Pablo Amorsolo was born in Daet, Camarines Norte to husband and wife Pedro Amorsolo and Bonifacia Cueto. When he was still eight years old, his family moved to Manila.

During World War II, he became a follower of the Greater East Asia Co Prosperity Sphere, and served as a colonel of the Kempetai of the Japanese Empire. When the American soldiers succeed in returning to the shores of the Philippines, Amorsolo was captured by Filipino troops.

He was sentenced and executed by firing squad in the hands of guerillas. He died in this manner at the Antipolo, Rizal.

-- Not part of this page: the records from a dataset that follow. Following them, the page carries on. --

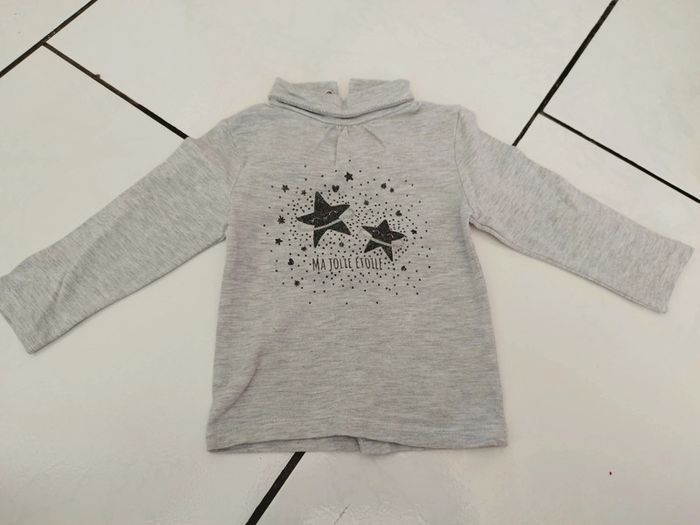 Sous pull tee-shirt à col roulé Motif étoiles et inscription ma petite étoile Taille 6 mois Marque Kiabi Très bon état Maison non fumeur et sans animaux #arnaudmelfille #arnaudmel6moisfille
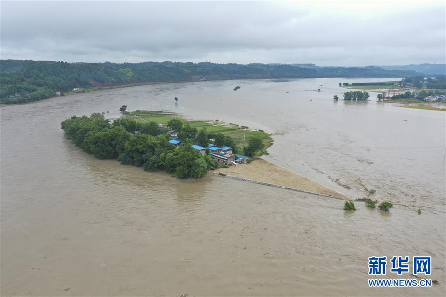 8月13日,在重庆市潼南区玉溪镇,涪江水位明显上涨(无人机照片)。 受上游强降雨影响,嘉陵江近日出现明显涨水过程,“嘉陵江2020年第1号洪水”已在嘉陵江支流涪江形成。重庆市正式启动洪水防御Ⅱ级应急响应。 据初步统计,截至13日16时30分,位于涪江畔的重庆市潼南区,沿涪江7个镇街不同程度受灾,受灾人数8209人,转移人口6658人,农作物受灾面积5579亩。 新华社记者 黄伟 摄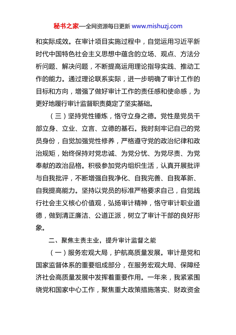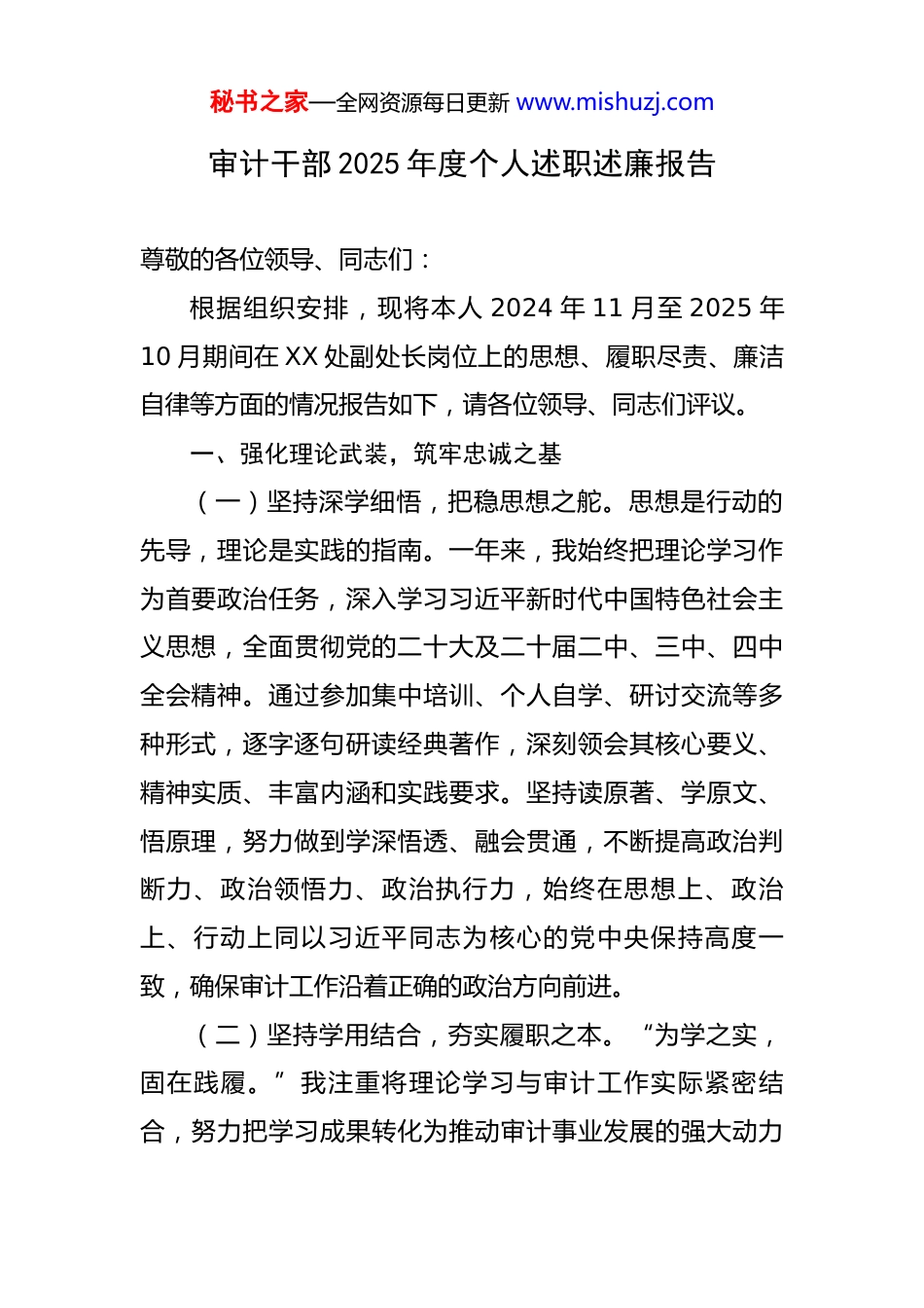 秘书之家—全网资源每日更新 www.mishuzj.com审计干部 2025 年度个人述职述廉报告 尊敬的各位领导、同志们:根据组织安排,现将本人 2024 年 11 月至 2025 年10 月期间在 XX 处副处长岗位上的思想、履职尽责、廉洁自律等方面的情况报告如下,请各位领导、同志们评议。一、强化理论武装,筑牢忠诚之基(一)坚持深学细悟,把稳思想之舵。思想是行动的先导,理论是实践的指南。一年来,我始终把理论学习作为首要政治任务,深入学习习近平新时代中国特色社会主义思想,全面贯彻党的二十大及二十届二中、三中、四中全会精神。通过参加集中培训、个人自学、研讨交流等多种形式,逐字逐句研读经典著作,深刻领会其核心要义、精神实质、丰富内涵和实践要求。坚持读原著、学原文、悟原理,努力做到学深悟透、融会贯通,不断提高政治判断力、政治领悟力、政治执行力,始终在思想上、政治上、行动上同以习近平同志为核心的党中央保持高度一致,确保审计工作沿着正确的政治方向前进。(二)坚持学用结合,夯实履职之本。“为学之实,固在践履。”我注重将理论学习与审计工作实际紧密结合,努力把学习成果转化为推动审计事业发展的强大动力秘书之家—全网资源每日更新 www.mishuzj.com和实际成效。在审计项目实施过程中,自觉运用习近平新时代中国特色社会主义思想中蕴含的立场、观点、方法分析问题、解决问题,不断提高运用理论指导实践、推动工作的能力。通过理论联系实际,进一步明确了审计工作的目标和方向,增强了做好审计工作的责任感和使命感,为更好地履行审计监督职责奠定了坚实基础。(三)坚持党性锤炼,恪守立身之德。党性是党员干部立身、立业、立言、立德的基石。我时刻牢记自己的党员身份,自觉加强党性修养,严格遵守党的政治纪律和政治规矩,始终保持对党忠诚、为党分忧、为党尽责、为党奉献的政治品格。积极参加党内组织生活,认真开展批评与自我批评,不断增强自我净化、自我完善、自我革新、自我提高能力。坚持以党员的标准严格要求自己,自觉践行社会主义核心价值观,弘扬审计精神,恪守审计职业道德,做到清正廉洁、公道正派,树立了审计干部的良好形象。二、聚焦主责主业,提升审计监督之能(一)服务宏观大局,护航高质量发展。审计是党和国家监督体系的重要组成部分,在服务宏观大局、保障经济社会高质量发展中发挥着重要作用。一年来,我紧紧围绕党和国家中心工作,聚焦重大政策措施落实、财政资金秘书之家—全网资源每日更新 www.mishuzj.com使用绩效、重大项目建设等重点领域,精心组织实施审计项目。通过审计,及时发现和揭示经济社会运行中的突出问题和风险隐患,提出针对性的审计建议,为党委政府科学决策提供参考依据,有力推动了各项政策措施落地见效,促进了经济社会持续健康发展。(二)坚持科技强审,创新审计方式方法。随着信息技术的快速发展和审计工作的不断深入,传统的审计方式方法已难以满足新时代审计工作的需要。我积极适应科技发展趋势,大力推进科技强审战略,加强审计信息化建设。一方面,组织审计人员学习掌握大数据审计技术和方法,提高运用信息化手段开展审计工作的能力;另一方面,积极探索创新审计方式方法,充分运用数据分析、人工智能等技术手段,对海量数据进行深度挖掘和分析,提高审计工作的效率和精准度。通过科技强审,实现了审计工作从传统的手工审计向数字化、智能化审计的转变,为审计事业发展注入了新的活力。(三)突出民生关切,践行审计为民理念。民生无小事,枝叶总关情。我始终把维护人民群众的根本利益作为审计工作的出发点和落脚点,高度关注民生领域的热点难点问题,加大对教育、医疗、就业、社会保障等民生资金和项目的审计监督力度。通过审计,切实保障了民生资金秘书之家—全网资源每日更新 www.mishuzj.com的安全有效使用,促进了民生政策的落实落地,维护了人民群众的合法权益。同时,积极回应社会关切,及时向社会公布审计结果,接受社会监督,增强了审计工作的公信力和透明度。三、恪守勤勉尽责,淬炼务实担当之风(一)真抓实干不务虚功。“道虽迩,不行不至;事虽小,不为不成。”在工作中,...

Pablo Amorsolo was an enthusiast of both classical and modern-day forms of art. During the 1930s, he drew and painted may editorial illustrations for Philippine magazines such as the Graphic, Tribune, La Vanguardia, Herald, and Manila Times. He became one of the causes for the rise of the so-called genre art in the Philippines, because he weaved, through his artistic brush strokes, a wide variety of images that show native and social scenes and scenarios. He was also a known master of portrait paintings who had the ability to give life to any individual subject. He painted people from different levels of society and also from varied age brackets, where he was able to present his ability to understand the characteristics and personalities of his human subjects. He also created works that portray themes related to Philippine history. Examples of these are the large images of Magellan and the Natives and The Discovery of the Philippines. The latter was painted in 1944.

Unfortunately, most of Pablo Amorsolo's paintings were destroyed by a fire which occurred in 1945.